L’aspetto più intrigante di quest’opera consiste nel linguaggio utilizzato da Rota, quello stesso che ci ha accompagnato per anni al cinematografo (e che per questo abbiamo ritenuto essere una sorta di linguaggio minore), che improvvisamente ritroviamo in una delle più alte espressioni musicali, votata alla elevazione spirituale e alla contemplazione del sacro. Nino Rota ci ricorda ancora una volta che la musica non si è infilata tutta nel vicolo cieco di quella “avanguardia” che dagli anni cinquanta in poi con la Scuola di Darmstadt (l’Internationale Ferienkurse für Neue Musik o il Corso estivo internazionale per la nuova musica) ha arrecato un danno incommensurabile alla storia della musica, allontanando il pubblico da tutto ciò che ha sapore di contemporaneo; ci ricorda, dicevo, che negli stessi anni molti compositori non sono cascati in quella trappola e hanno continuato a esprimersi in un linguaggio a tutti comprensibile, capace di rinnovarsi – come sempre è accaduto, in tutte le epoche e in tutte le arti – senza provocare irreversibili crisi di rigetto.

Sembra che il problema della innovazione del linguaggio musicale all’inizio del novecento sia improvvisamente esploso, con Schönberg (lui sì grandissimo musicista), come una imprescindibile necessità della nuova musica, tanto che gran parte dei compositori comparsi dopo la Scuola di Vienna si sono persi nella ricerca sul linguaggio trascurando la sostanza della poetica musicale che, ovviamente, va molto oltre quel problema e tocca le corde più intime dell’animo umano; altrimenti non si potrebbe parlare di musica.

La modernità del linguaggio di Rota è invece contenuta nel magico modo di usare dissonanze e modulazioni, continuamente sorprendenti, persino stranianti, ma pur sempre accattivanti e soprattutto orientate a farci entrare nella logica del racconto musicale piuttosto che a tenercene fuori con la perversa volontà di esibire diversità e innovazione. La musica è l’arte che più di ogni altra nel novecento ha provato a rinnegare totalmente la propria origine e la propria storia, quasi se ne vergognasse, con una cesura completa, senza misericordia; senza rendersi conto che così facendo tagliava i ponti anche con il suo pubblico.
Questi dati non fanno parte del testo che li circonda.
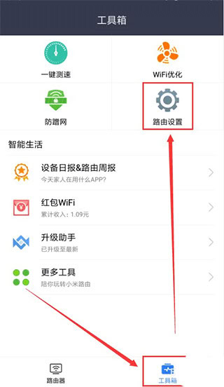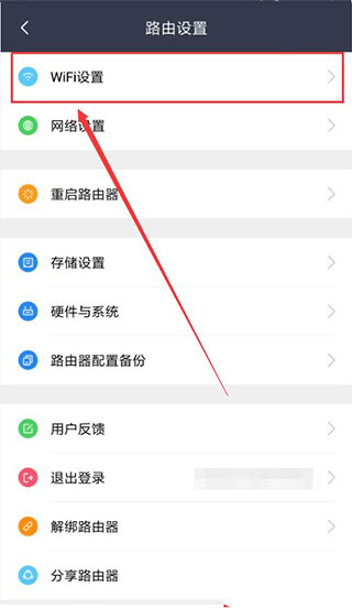 2、在“路由设置”页面中,点击“WiFi设置”,按页面提示操作,即可设置WiFi密码。
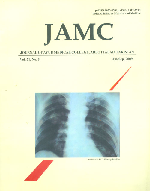 Journal of Ayub Medical College, Abbottabad is an OPEN ACCESS JOURNAL which means that all content is FREELY available without charge to all users whether registered with the journal or not. The work published by J Ayub Med Coll Abbottabad is licensed and distributed under the creative commons License CC BY ND Attribution-NoDerivs. Material printed in this journal is OPEN to access, and are FREE for use in academic and research work with proper citation. J Ayub Med Coll Abbottabad accepts only original material for publication with the understanding that except for abstracts, no part of the data has been published or will be submitted for publication elsewhere before appearing in J Ayub Med Coll Abbottabad. The Editorial Board of J Ayub Med Coll Abbottabad makes every effort to ensure the accuracy and authenticity of material printed in J Ayub Med Coll Abbottabad. However, conclusions and statements expressed are views of the authors and do not reflect the opinion/policy of J Ayub Med Coll Abbottabad or the Editorial Board.

La musica che chiamiamo “classica” è sempre stata musica “contemporanea”, ha avuto rapporti di odio e amore con il suo pubblico, ma è stata sempre capita e, quale più quale meno, accettata come musica del proprio tempo; l’opera di Rota può darsi che non piaccia a tutti (io l’ho trovata meravigliosa) ma non si può minimamente immaginarne qualsivoglia forma di rigetto da parte del pubblico, né può esserne negata la modernità o – ricordando che ha ormai mezzo secolo – la contemporaneità.

Da questo punto di vista vorrei dire che possiamo considerare Nino Rota come un vero eroe della resistenza alle lusinghe di Darmstadt e alfiere di una musicalità genuina, friendly, tanto profondamente radicata nella storia quanto proiettata nella contemporaneità, senza il complesso di dover apparire e neppure quello di voler piacere, tesa solo a capire e farsi capire.